» Task prompt
Give back exactly the lines starting at the one with "2025级德语专业本科生姜昕" and ending at the last line of the data below. Pictures are not part of the copy.

» Source material
*** Block opens ***
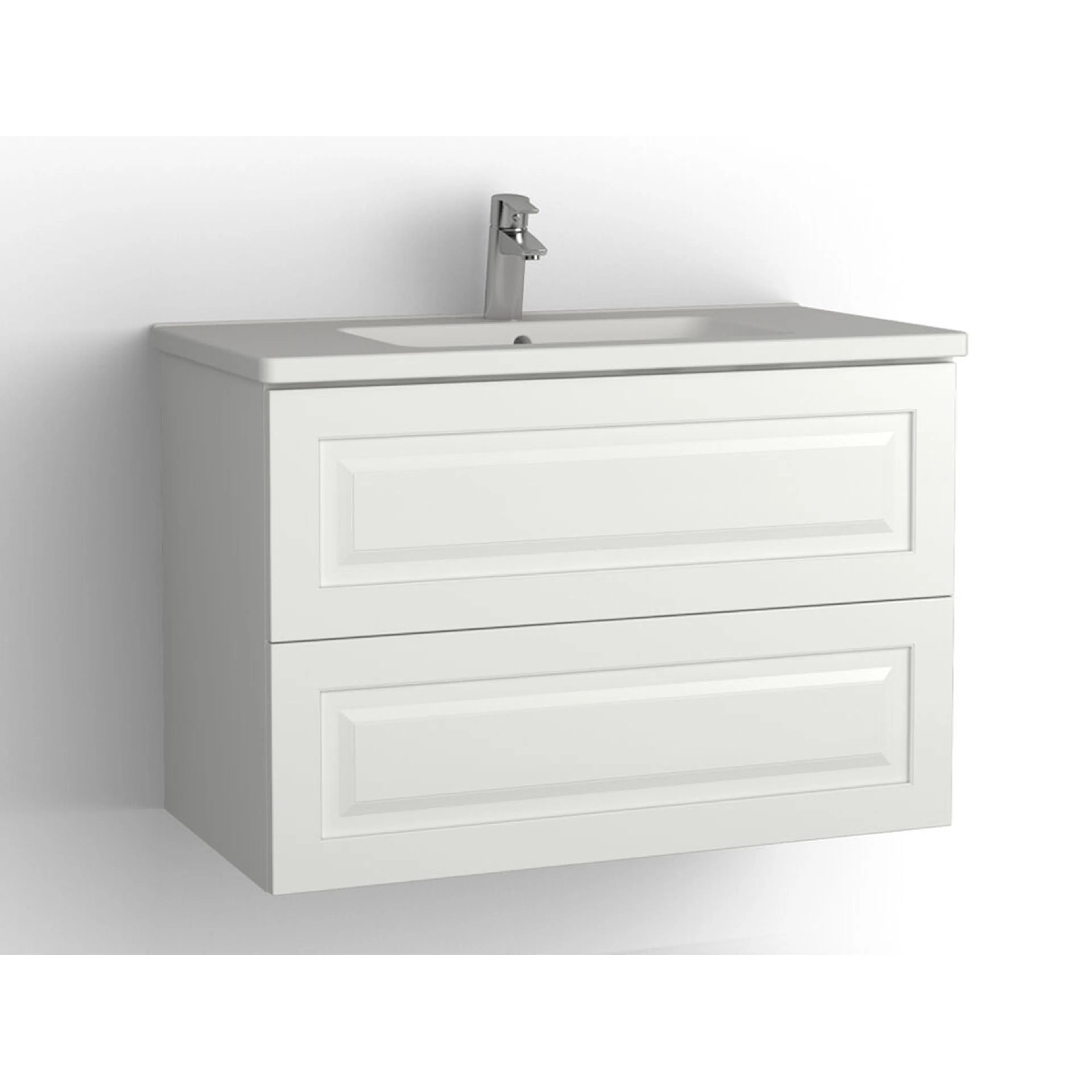 Tvättställsskåp Vedum Free 900 med 2 LådorVit, Edit, med Eluttag, utan Pushfunktion
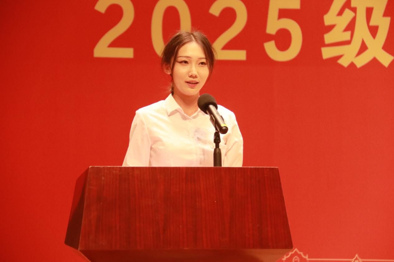 2025级德语专业本科生姜昕彤作为新生代表发言,回顾入学24天的成长与感悟,她表示,新生教育和军训是入学初最深刻的两课。前者让她明确了外文学子“让世界听懂中国声音”的使命;后者则锤炼了她“再坚持一下”的韧劲。她期待与所有新同学一道,不忘语言背后的关怀与温度,做文化的传递者和时代的译介人,用青春力量沟通中国与世界。
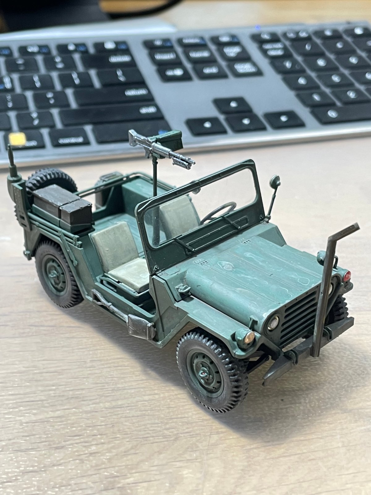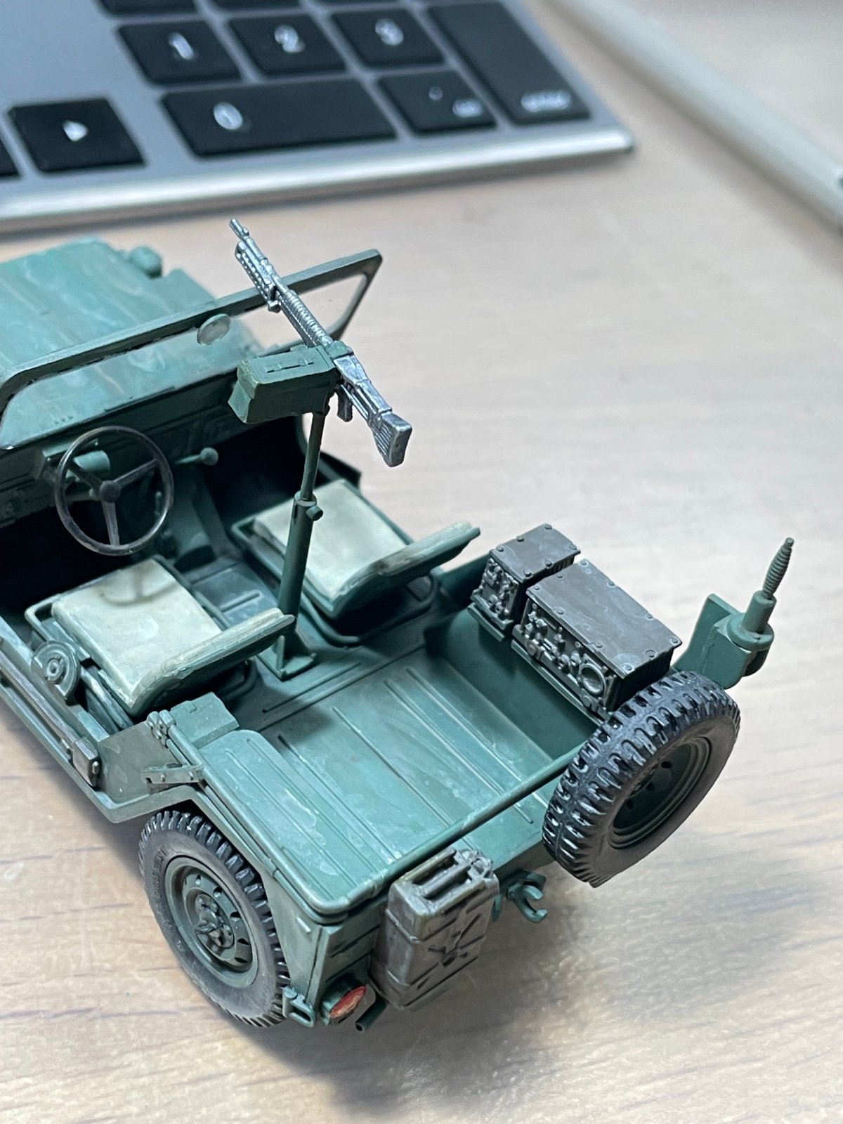 [질문] --> 얼마 전에 만든 모형이야. 도색을 여기까지 진행한 적이 별로 없어서 스스로는 좋아 보이는데, 사실 드라이브러시로 하이라이트 표현하는 거나 웨더링은 제대로 안 들어갔어. 게다가 마지막에 옅은 색으로 묽게 먼지 표현을 하다가 보닛에 인위적인 얼룩이 생겼어. 바예호 등 아크릴 붓칠 작업이고, 개선할 부분을 알려줘.
*** Block closes ***
» Solution to this problem
 2025级德语专业本科生姜昕彤作为新生代表发言,回顾入学24天的成长与感悟,她表示,新生教育和军训是入学初最深刻的两课。前者让她明确了外文学子“让世界听懂中国声音”的使命;后者则锤炼了她“再坚持一下”的韧劲。她期待与所有新同学一道,不忘语言背后的关怀与温度,做文化的传递者和时代的译介人,用青春力量沟通中国与世界。
 [질문] --> 얼마 전에 만든 모형이야. 도색을 여기까지 진행한 적이 별로 없어서 스스로는 좋아 보이는데, 사실 드라이브러시로 하이라이트 표현하는 거나 웨더링은 제대로 안 들어갔어. 게다가 마지막에 옅은 색으로 묽게 먼지 표현을 하다가 보닛에 인위적인 얼룩이 생겼어. 바예호 등 아크릴 붓칠 작업이고, 개선할 부분을 알려줘.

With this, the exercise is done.